Data segment:
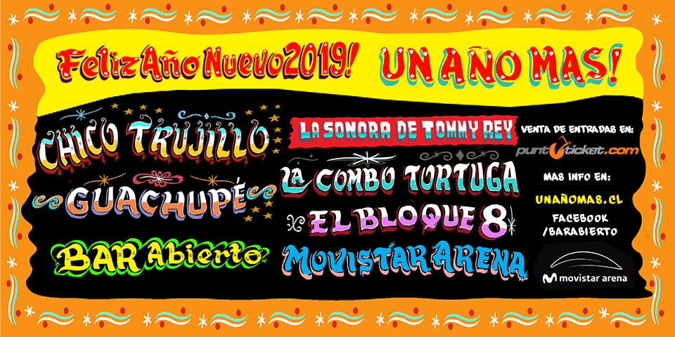 «Chico Trujillo», «La Sonora de Tommy Rey», «Guachupé», «La Combo Tortuga» y «El Bloque 8», son los artistas que animarán la fiesta «Un Año Más» que se realizará en Movistar Arena desde las 00:30 hrs hasta las 7 de la mañana. Las primeras mil entradas son a 15 mil pesos, luego la segunda preventa a $20.000 lucas y el día del evento la entrada general tiene un costo de 25 mil pesos.
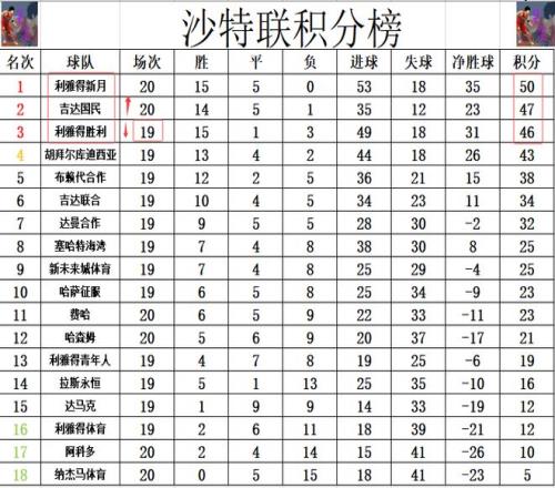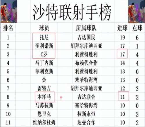 積分榜方面,難怪C羅要郁悶,本澤馬一來就造4球,利雅得新月狂勝,他們暫時又將和利雅得勝利的差距拉大到4分。吉達國民先賽贏球后,1分優勢將利雅得勝利擠到第3的位置。
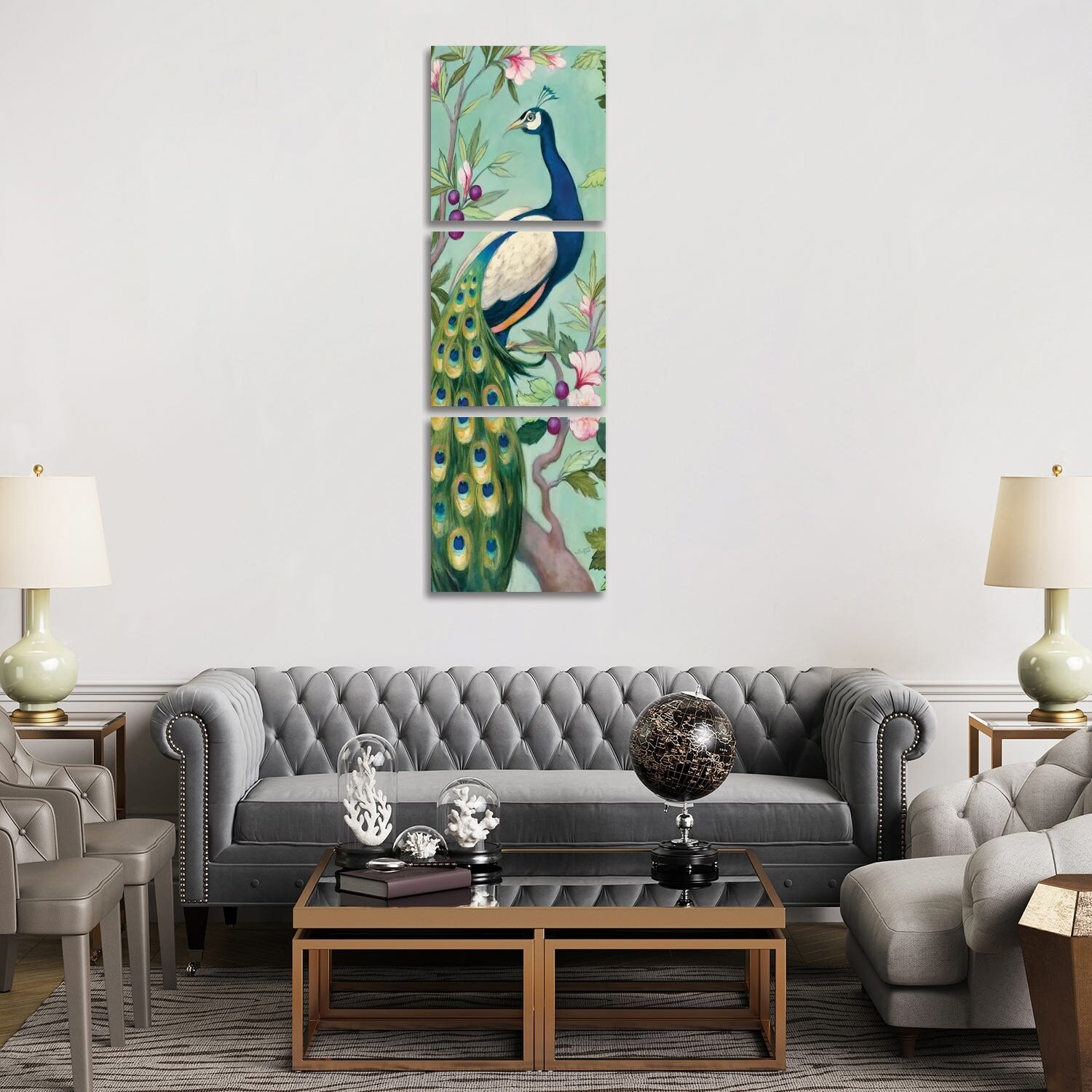 iCanvas "Pretty Peacock II Crop" by Julia Purinton 3-Piece Canvas Wall Art Set

Work instructions: Please reproduce the listing exactly from its opening line through the line that contains "積分榜方面,難怪C羅要郁悶,本澤馬一來就", both included, with all pictures omitted.

Completed task:
 «Chico Trujillo», «La Sonora de Tommy Rey», «Guachupé», «La Combo Tortuga» y «El Bloque 8», son los artistas que animarán la fiesta «Un Año Más» que se realizará en Movistar Arena desde las 00:30 hrs hasta las 7 de la mañana. Las primeras mil entradas son a 15 mil pesos, luego la segunda preventa a $20.000 lucas y el día del evento la entrada general tiene un costo de 25 mil pesos.
 積分榜方面,難怪C羅要郁悶,本澤馬一來就造4球,利雅得新月狂勝,他們暫時又將和利雅得勝利的差距拉大到4分。吉達國民先賽贏球后,1分優勢將利雅得勝利擠到第3的位置。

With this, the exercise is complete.